Frozen flowers on the Saranac River. (Provided photo — Diane Chase)

I was recently talking with a friend about parental do-overs. We all have those moments when we wish to take back our words or actions. Those feelings apply to our everyday lives, not just parenting. Whatever the circumstances, wiping the slate clean seems easier than figuring out the mess.

First off, I am not talking about abuse. Physically or mentally harming anyone is unacceptable. If you or someone you know is being abused, please reach out to the authorities. There are groups experienced in helping people leave unhealthy living situations.
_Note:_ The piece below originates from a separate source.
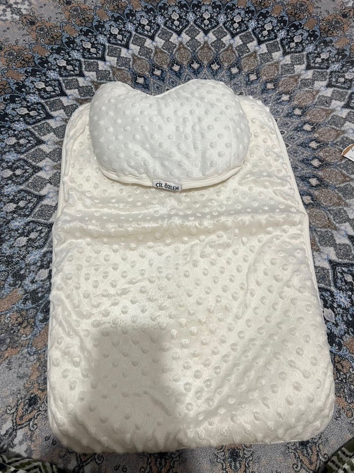 Yumuşak ve kabarık beyaz bebek uyku seti, dokulu nokta deseniyle, konfor için yastık ve battaniye içerir. ️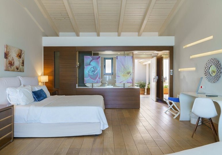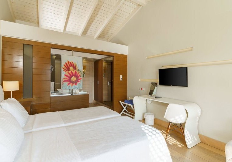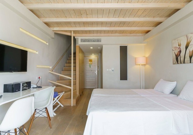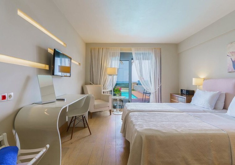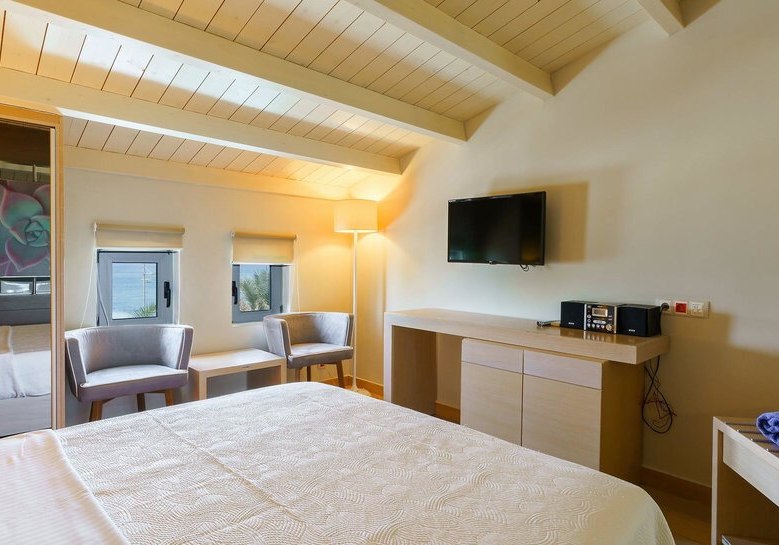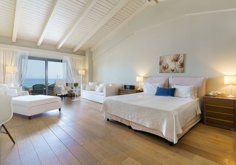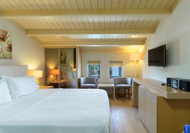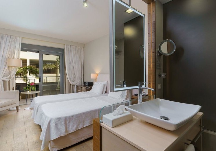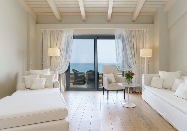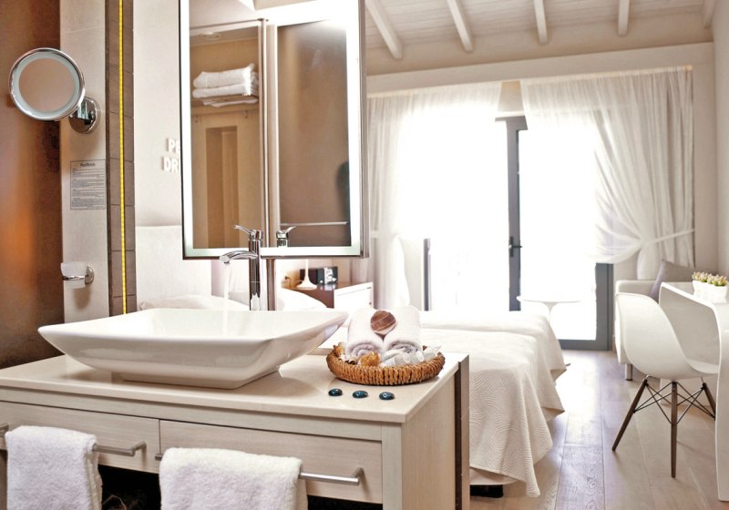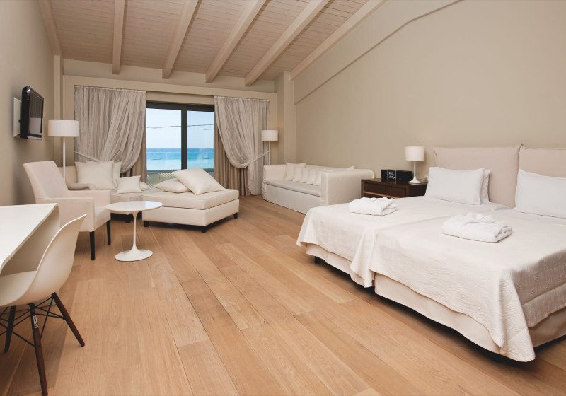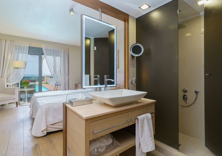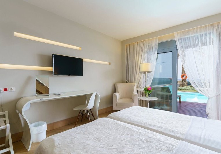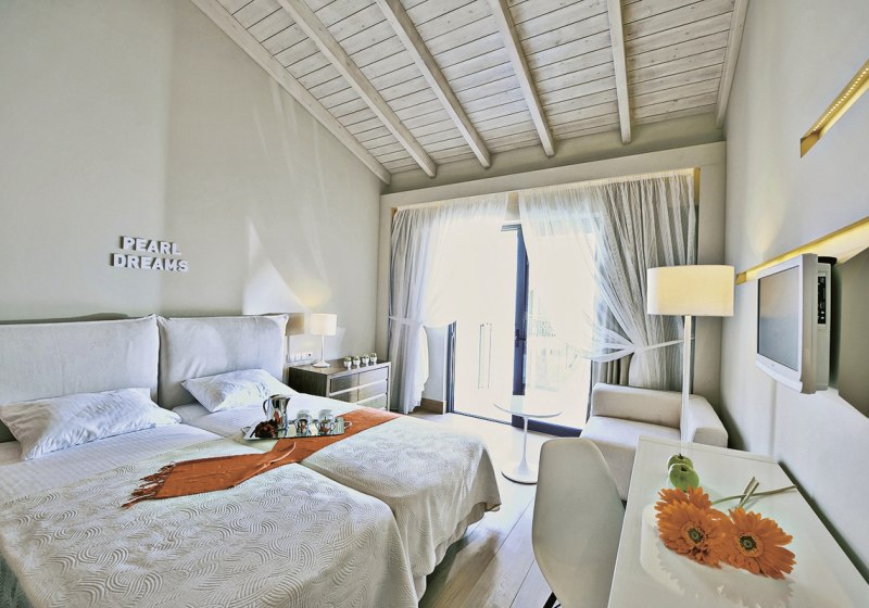 Ihr wählt zwischen Zimmern mit seitlichem Meerblick oder Poolblick, der Maisonette mit separatem Schlafzimmer und zweitem Bad, dem Deluxe Zimmer mit privatem Pool oder der Suite mit Meerblick, Hydromassage‑Badewanne und separater Dusche. So findet Ihr die passende Balance aus Raum, Blick und Privatsphäre.

My friend and I discussed finding the right balance between friend and disciplinarian. She asked me what some of my do-overs would be as a parent. I said I wish I had seen beyond the terms placed on our children. We quickly label our kids as challenging, quiet, shy and hyper. Would we have had smoother transitions if I had looked more for the cause of willful behavior rather than just dealing with the consequences? If I had seen the behavior as strong-willed rather than difficult, could I have approached the circumstances differently? I used to get frustrated and angry frequently and apologize a lot.

My friend was feeling particularly defeated. Her do-overs deal with having children with various health and learning challenges. Her world of regret ranges from ignoring diagnoses to not accepting support. She looks back at how she could have made life easier for her children.

I don’t often reflect on all my parenting mistakes. I’ve tried to deal with the situation and not repeat the circumstances. I address my errors with my children as soon as possible so we don’t hold on to anger. They are also quick to call me out on my transgressions. I remind my children that I am also human and will make mistakes. I continue to learn.

Parenting is difficult enough without pretending everything is perfect. My girlfriend said she is grateful for the reminder that everyone has struggles, even if they are different from her own. I don’t think it is easy, but an apology goes a long way. My children told me that when I admit I am wrong and apologize, it helps them to forgive, learn, and move on. We don’t get do-overs, but we can admit our faults and try to do better. It may not be a completely clean slate, but it can be a fresh start. Good luck!